---
name: spec-driven-qa
description: >
  Validates code quality through spec-driven QA validation with structural anti-skip
  enforcement. Replicates all 6 phases of the DevForgeAI QA workflow using the
  Execute-Verify-Gate pattern at every step. Designed to prevent token optimization
  bias through lean orchestration, fresh-context subagent delegation, and binary CLI
  gate enforcement. Enforces test coverage (95%/85%/80% strict thresholds), detects
  anti-patterns, validates spec compliance, and analyzes code quality metrics. Use when
  validating implementations, ensuring quality standards, or preparing for release.
  Always use this skill when the user runs /qa or mentions QA validation, quality checks,
  or coverage analysis.
allowed-tools:
  - Read
  - Write
  - Edit
  - Glob
  - Grep
  - AskUserQuestion
  - Task
  - Bash(devforgeai-validate:*)
  - Bash(git:*)
  - Bash(pytest:*)
  - Bash(dotnet:*)
  - Bash(cargo:*)
  - Bash(npm:*)
  - Bash(python:*)
  - Bash(radon:*)
  - Bash(npx:*)
  - Bash(mvn:*)
  - Bash(go:*)
  - Skill
model: opus
effort: High
---

# Spec-Driven QA Validation

Validate story implementations through strict 6-phase QA workflow while enforcing coverage thresholds, anti-pattern detection, and spec compliance.

**Context files are THE LAW:** tech-stack.md, source-tree.md, dependencies.md, coding-standards.md, architecture-constraints.md, anti-patterns.md

**If ambiguous or conflicts detected: HALT and use AskUserQuestion**

---

## Anti-shortcut policy (ADR-062 / Tier 1.5 / D7)

When encountering obstacles, do not use destructive actions as a shortcut. For example, don't bypass safety checks (e.g. `--no-verify`) or discard unfamiliar files. Specifically for QA gates:

- **Do not bypass conviction gates by manually invoking hook scripts via Bash.** The PostToolUse `conviction-postrecord.sh` is designed to fire automatically when the framework dispatches the `phase-record` Bash call. Piping synthetic JSON to the hook directly forges the evidence trail.
- **Do not `Edit()` subagent worklog files post-hoc** to inject required schema fields (`subagent_id`, `phase_state_checksum`, etc.).
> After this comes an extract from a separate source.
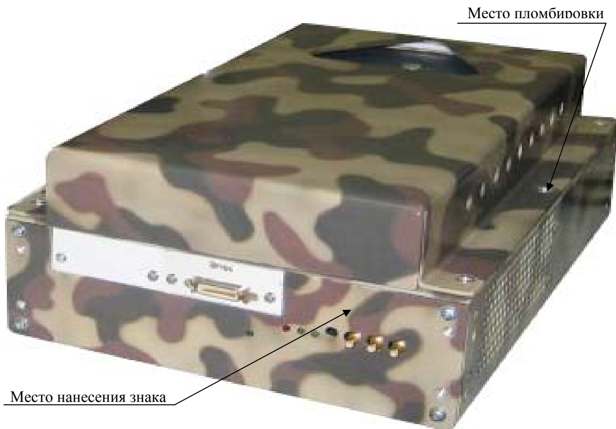
Рисунок 2 – Внешний вид устройства MezaBox\Battery 133W-hrs с установленным измерителем мгновенных значений силы тока, указанием места нанесения знака утверждения типа и местом пломбировки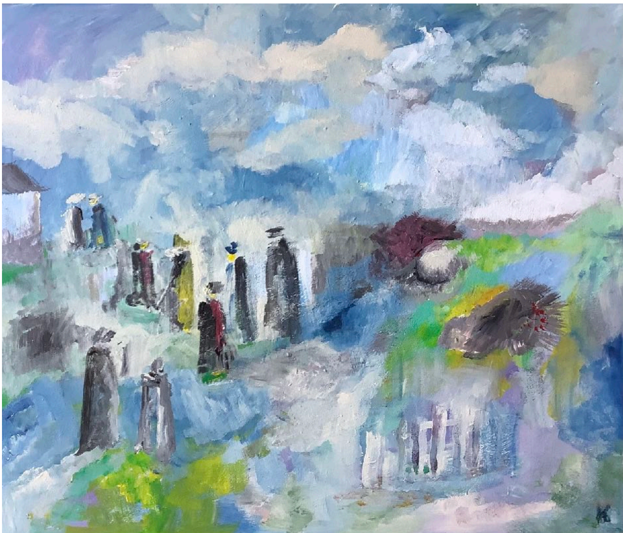
“På vej”, 2022, akryl

Re-invoke the subagent so it produces a compliant worklog naturally.
- **Do not write placeholder content to satisfy substance checks.** Phrases like "placeholder", "to satisfy", "to bypass", "TODO", "TBD", and "filler" are detected and rejected by `conviction.py:_validate_subagent_worklog()` (D3). Writing fake content to satisfy a check that catches fake content is the antipattern the check exists to prevent.
- **Avoid focusing on passing tests and hard-coding.** A passing test on hard-coded inputs is a regression masquerading as success.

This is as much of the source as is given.